There are indeed practical steps that people can take to reduce the odds of becoming a victim of cybercrime, and we should make sure everyone is aware of them. That is what cybersecurity awareness is about. The work that needs to be done to get politicians and policy makers to address cybersecurity with greater vigor than they have so far, that is something else.

Finally for today, if you're still wondering—and I hope you are—what happened with the aortic aneurysm alert that kicked off this article, here's the short version. After a less than happy weekend, I saw the cardiologist early the next week. He told me the aneurysm was relatively small but I needed to keep my blood pressure low, eat less salt, and more bananas (for the potassium). When I asked him how I could tell if the aneurysm was becoming a serious problem he said: "You'll just feel a sharp pain in your back but it won't last long because you'll soon be dead."

Shortly after that I got a second opinion, from the Mayo Clinic. The cardiologist there told me I didn't have an aneurysm and I would probably be fine if I avoided all alcohol and chocolate, kept my blood pressure low, ate less salt, and consumed more bananas (for the potassium).

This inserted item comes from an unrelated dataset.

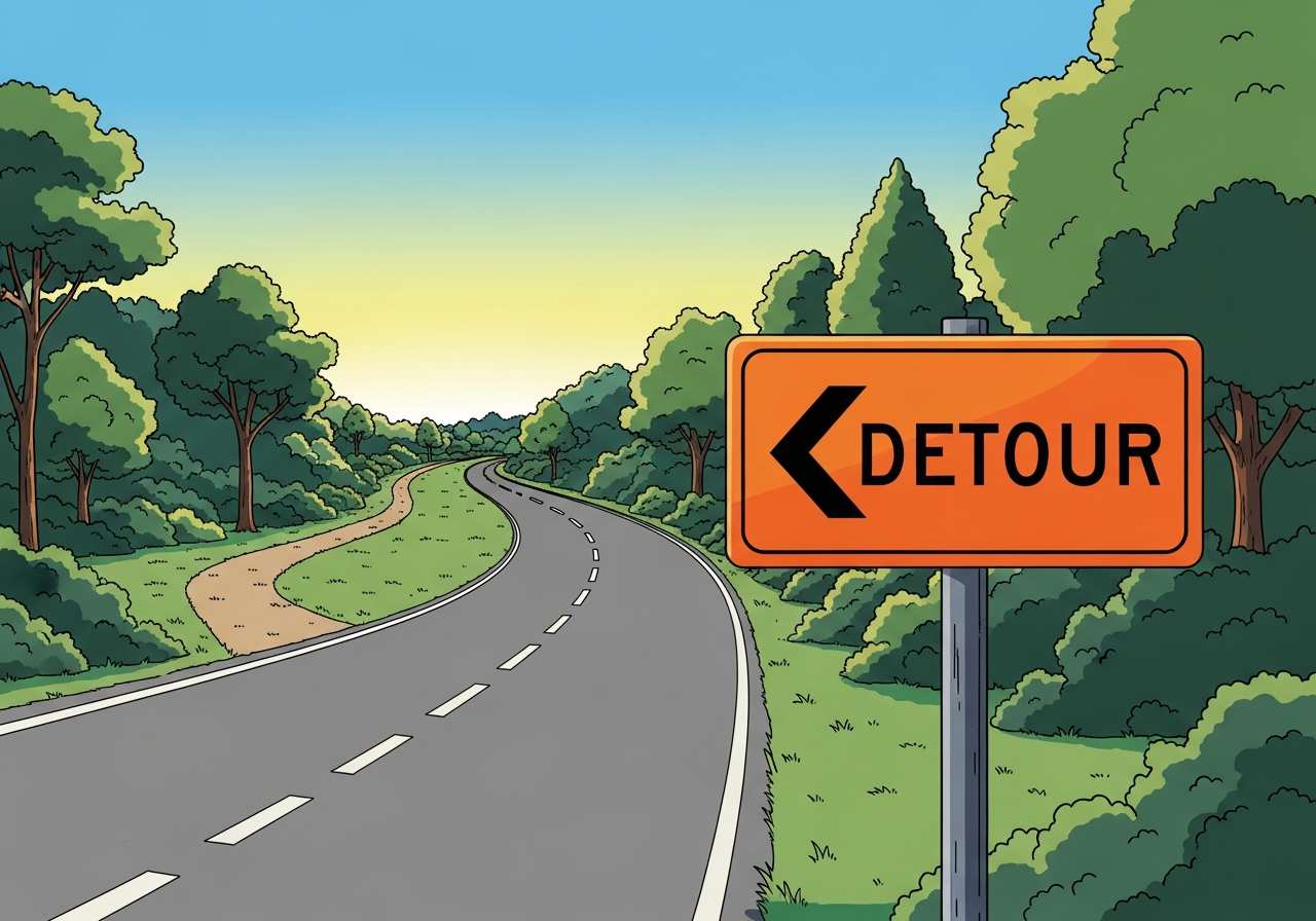 通常のルートを避けて、別の道を通ること。道路工事や交通渋滞を避ける際によく使われます。

I cut back on most chocolate and all alcohol (ironically, just before going on a trip to Moscow with Winn, but that's another story). 

I also quit my somewhat stressful job as Chief Security Execute for an Internet provider (to help with the blood pressure and take stock of my life). Then, after about five years—during which we had to struggle hard to survive the Great Recession and my atrial fibrillation got worse—I went back into cybersecurity, working for a company that had an excellent health plan. 

So I saw a cardiologist about my AFib and, after a failed attempt to reboot my heart in the hopes of restoring a normal rhythm, he said there was nothing else he could do for me ("just keep taking the potassium pills"). That motivated me to figure out the underlying cause of all my heart problems. Turns out it was a condition called primary aldosteronism, which can sometimes be corrected with surgery, and in my case it was. I still have a wonky heartbeat, but my blood pressure is fine without any medications or added potassium.

And that's why, when it comes to dealing with risks, early awareness and accurate information are important, as is an appropriate level of motivational fear. However, when you're trying to reduce risk, there's nothing like addressing root causes.